HPは「広告」と見なさず

 

 厚労省の医療情報の提供のあり方に関する検討会(長谷川敏彦座長)は12月22日、医療の広告規制についての意見をまとめました。医療機関のホームページは、「広告」と見なさない認識を示しました。

 美容医療サービスの広告が社会問題になっていることから、医療機関のホームページを医療法上の広告と見なすか否か検討してきましたが、引き続き当面の間、「広告」と見なさないとしました。自由診療の分野を中心としたガイドラインを厚労省主導で作成し、それに基づき関係団体等による自主的な取り組みを促すことで一致しました。ガイドラインは来年度から作成する方針です。

 

 ガイドラインでは、記載が禁止される事項として、▽無痛治療や絶対安全な手術といった非科学的な表現    ▽「日本一」「最高」といった優秀性の誤認を与える恐れのある表現 ▽非常に限定された成功例の紹介−などを示しました。また、自由診療に関しての治療内容や費用、リスクや副作用などを記載しなければならない事項としてあげています。

 

 併せて、医療機関のホームページ上の医療の記載内容については、「景表法や不正競争防止法による規制を円滑に適用できるよう、関係省庁と連携しつつ、必要に応じて虚偽や誇大な表示等の基準を明確化する」としました。
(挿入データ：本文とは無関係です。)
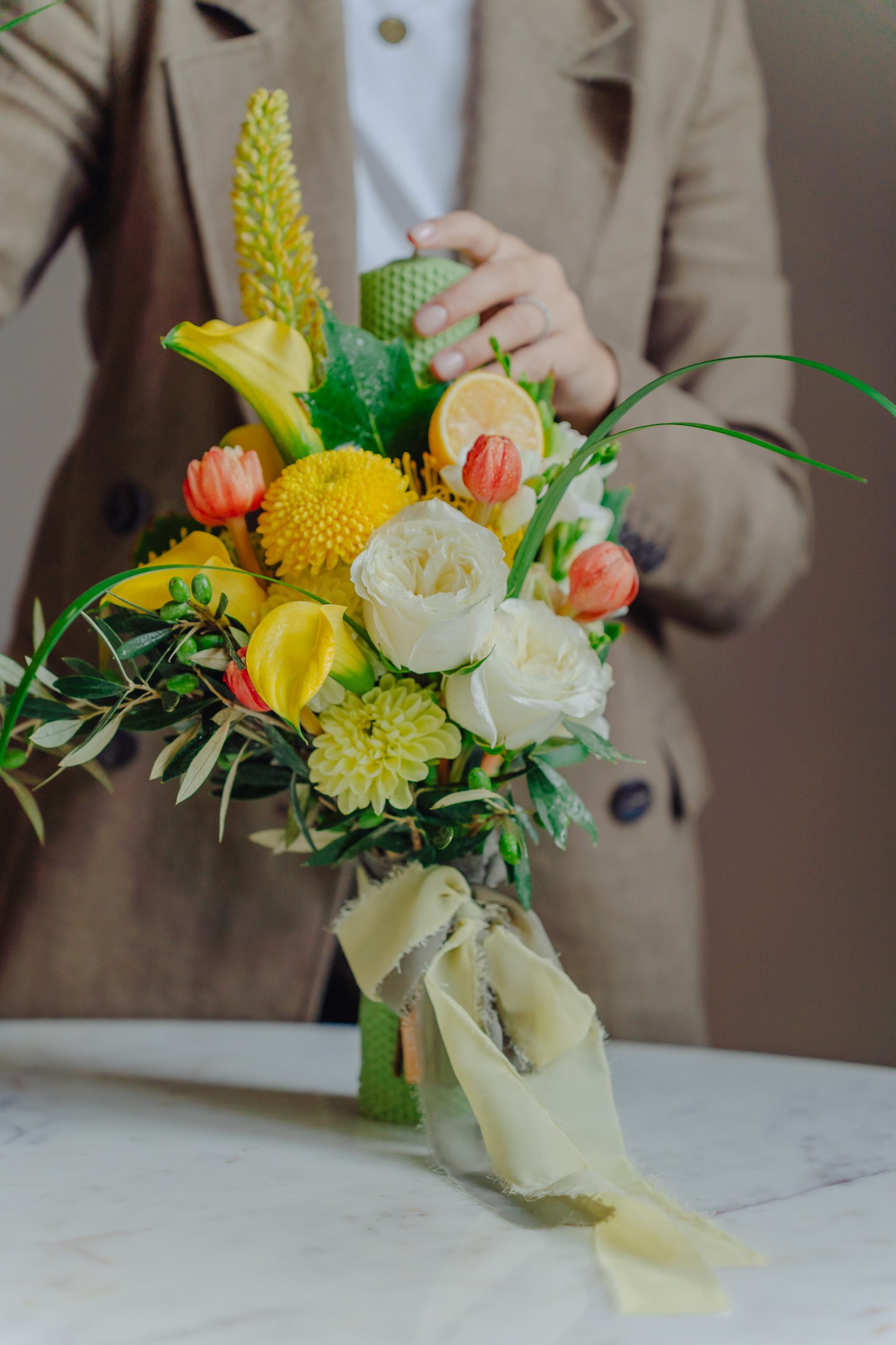 Prețul afișat nu include livrarea produselor. Recomandăm ridicarea accesoriilor florale (buchete, cocarde, brățări, lumânări pentru ceremonii etc.) de la atelierul nostru, în dimineața evenimentului. Acest aspect se va stabili odată cu plasarea comenzii.
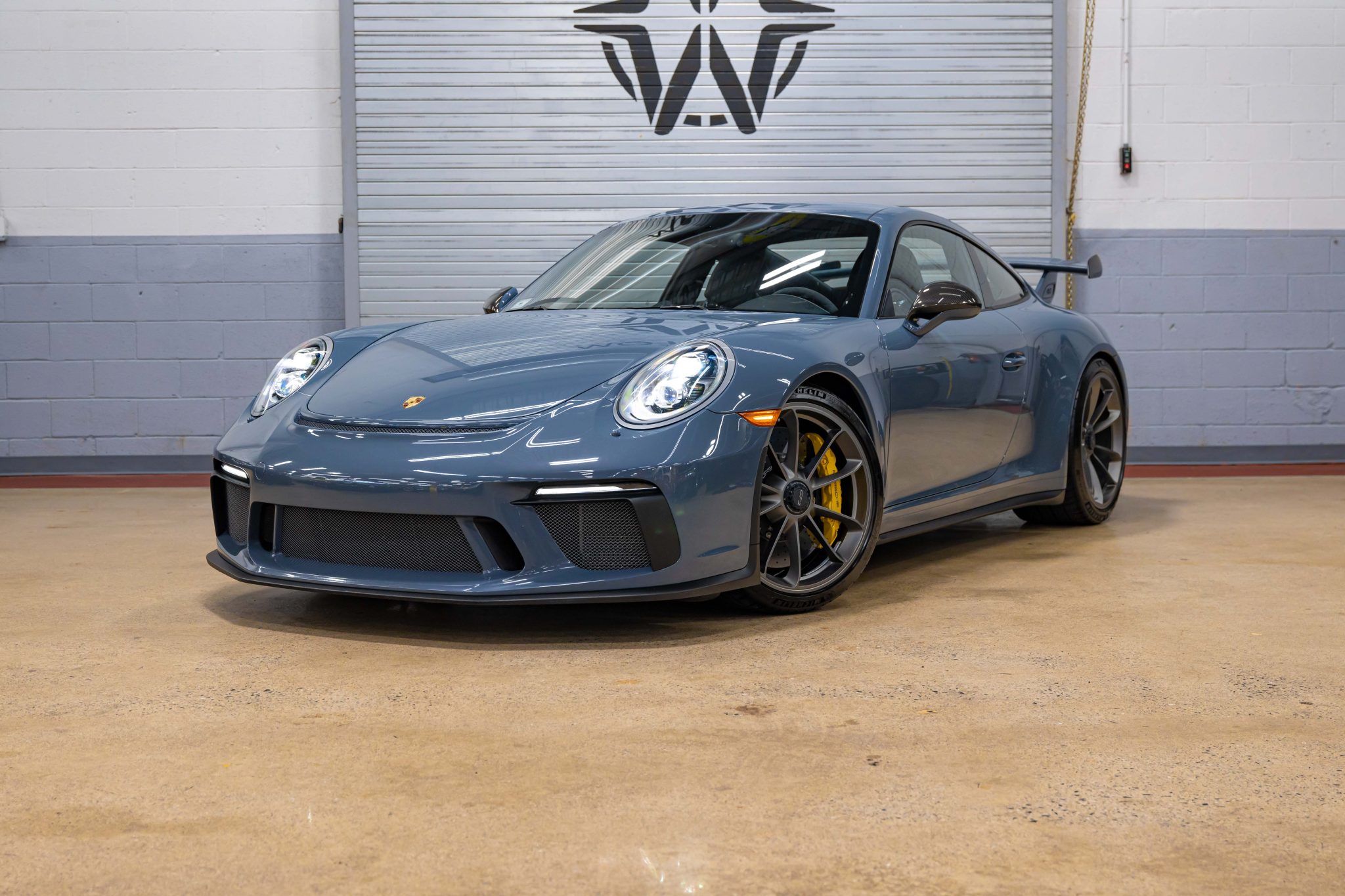 Platinum Satin-finished 20″ center-lock alloy wheels are mounted with Michelin tires. Braking is handled by yellow Porsche-branded calipers over ceramic-composite rotors. The car is equipped with a front-axle lift system and Porsche Active Suspension Management.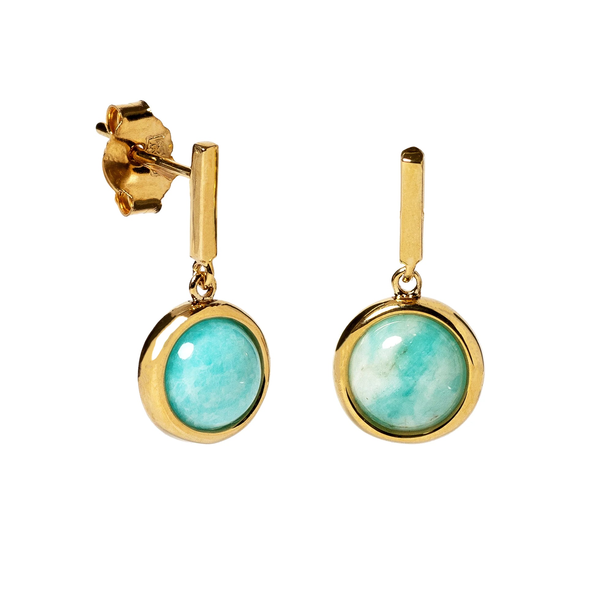 Los pendientes AMAZONITA GOLDEN están chapados con 3 micras de oro de 18 quilates para proporcionar durabilidad y lujo. Están adornados con piedra amazonita natural para darle un acabado moderno y con estilo. Debido a su calidad, estos pendientes pueden durar mucho tiempo con el uso adecuado.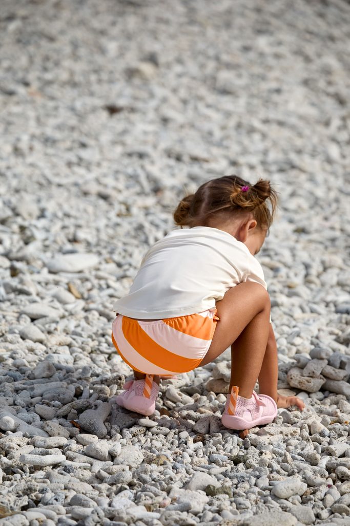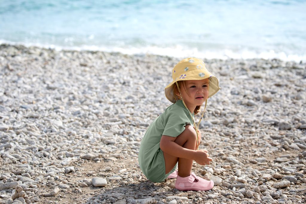 Prodyšný a rychleschnoucí materiál zajišťuje pohodlí i po celodenním šplouchání. Suchý zip umožňuje snadné nazouvání a zároveň drží sandálek pevně na místě – žádné posouvání, žádné odírání. Měkká ohebná podrážka s protiskluzovou úpravou dodává jistotu na každém povrchu, a velkorysá špička dává prostor pro zdravý vývoj nožičky. Po návratu z pláže stačí hodit do pračky.

 一方、医療の広告規制の基本的考え方である「ポジティブ・ネガティブリスト」の意見も整理しました。利用者保護の観点から、医療の広告は原則禁止の前提の下、広告可能な事項を規定する「ポジティブリスト方式」を採用します。ただ、インターネットにより情報が拡散しているなかで、原則自由化すべきとの指摘もあります。

 患者保護と情報提供拡大とのバランスから、直ちにネガティブリストへの切替は問題とし、ポジティブリスト方式を引続き採用することにしました。